We'd still have lithophile elements and, to a lesser degree, chalcophile elements. Some of the metals we'd get are aluminum, tungsten, and titanium in decent quantity. We'd get a little bit of copper, lead, and tin. It's not a bad start, it gets us through the bronze age. The iron age would be a problem. Because our own timeline would be halted in pre-history it's quite difficult to say where humans would have gone from there.

I find it unlikely we'd figure out the refinement aluminum, tungsten, or titanium without the tools and knowledge developed during our collective experience with iron. Those are difficult metals to refine in comparison to iron.


The technology we'd be able to develop then would be things we hardly consider technology. Things like spears, hatchets, bowls, and other cooking tools. We'd have wheels and fire. We'd have some woodworking and stoneworking tools. We'd have concrete, but wouldn't have a great method for reinforcement. We'd have glass, though it wouldn't be very high quality.

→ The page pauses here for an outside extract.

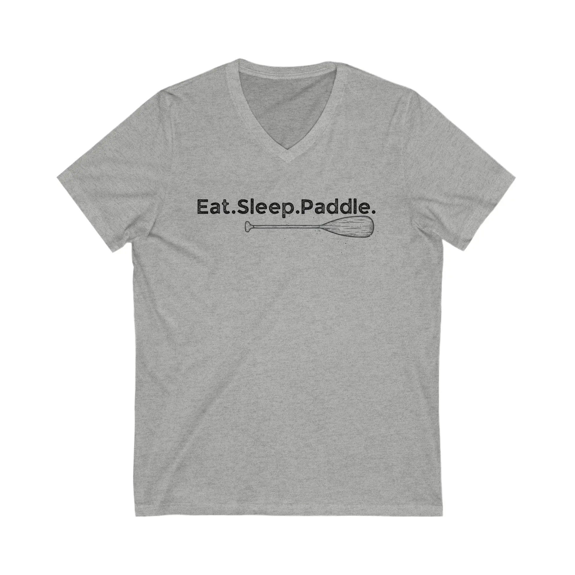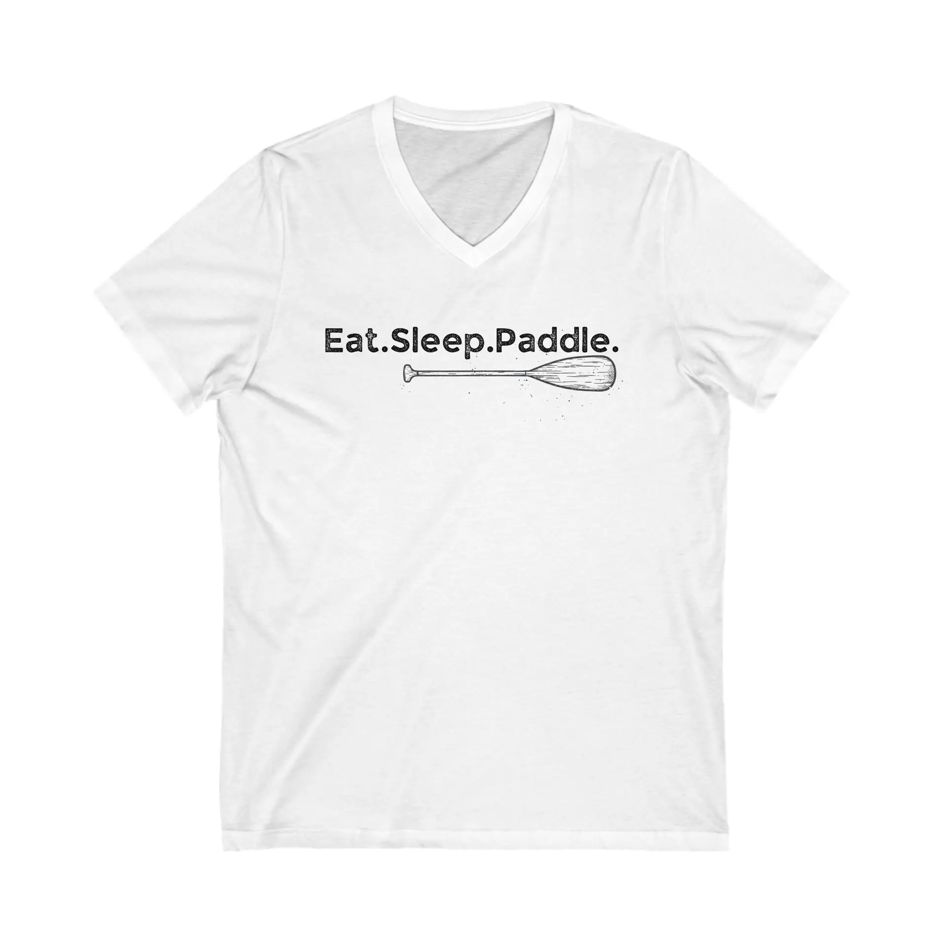 Embrace the paddling lifestyle with this comfortable V-neck tee! Featuring a hand-drawn style paddle graphic and the slogan “Eat. Sleep. Paddle.”, perfect for any outdoor enthusiast.

Again, these are all things that modern people don't usually consider technology. Even though we'd have the elements to make things like microchips, we couldn't develop the required infrastructure.

It'd be a simple world.


Samuels answer has it right, it isn't that there wouldn't be elements heavier than silicon; there would still be plenty and life would work just fine, but Iron and nickel and gold would be very, very rare, things that we would primarily get from meteorites, rather than mining in the earth.

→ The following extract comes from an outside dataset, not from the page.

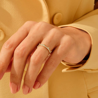 Round Cut Moissanite Diamond Crown Wedding Band in Solid Gold

The idea though that we would have no technology or that technology wouldn't develop is not something that I agree with. Technology develop how it does because it is seen as being the cheapest and best way of doing so at the time it is developing. So things would certainly be very different, but just because things couldn't be how we have it doesn't mean it couldn't be done.

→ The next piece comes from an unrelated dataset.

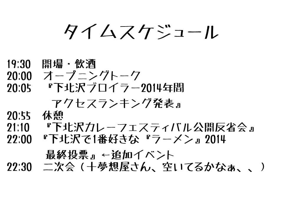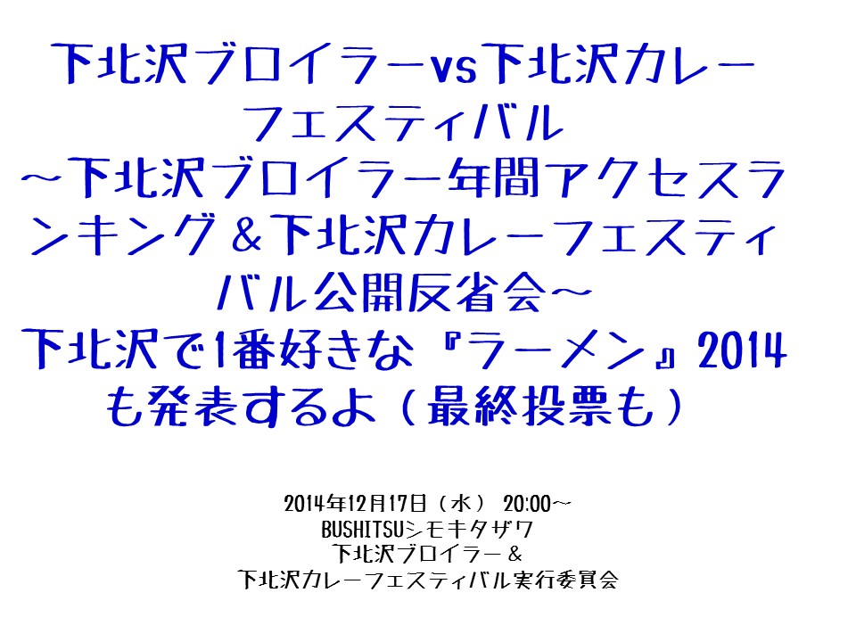 新年ですが、昨年12月17日BUSHITSUシモキタザワにて行われた『下北沢ブロイラー年間アクセスランキング&下北沢カレーフェスティバル公開反省会』のレポートでございます。

It should be noted that Mesoamerica and the American Southwest didn't really use much in the way of metal except as decoration prior to the Columbian exchange. Which we may look down on, but Atlatl's were able to pierce the armor of the Spaniards, and Obsidian blades are actually sharper than stainless steel http://www.ncbi.nlm.nih.gov/pmc/articles/PMC1273673/ Also, even the point about drills is wrong, as Mesoamerica did artwork with stone which can not be shaped with iron tools, they most likely did abrasive drilling via a bow drill and sand; no bit to wear out at all.

Canals in the US (and in the Maya region during the classic period) actually for a while were able to perform better than the earliest railroads; there would obviously be no iron railroads, and bronze ones wouldn't actually work nearly as well.

Since there is still copper and tin, there actually would be bronze, and there actually could be electronics; and with electronics and electricity comes the lithophile elements such as Aluminium. So some technology could still develop, but how to get there, how it develops, and what it looks like would be very different from what we are used to.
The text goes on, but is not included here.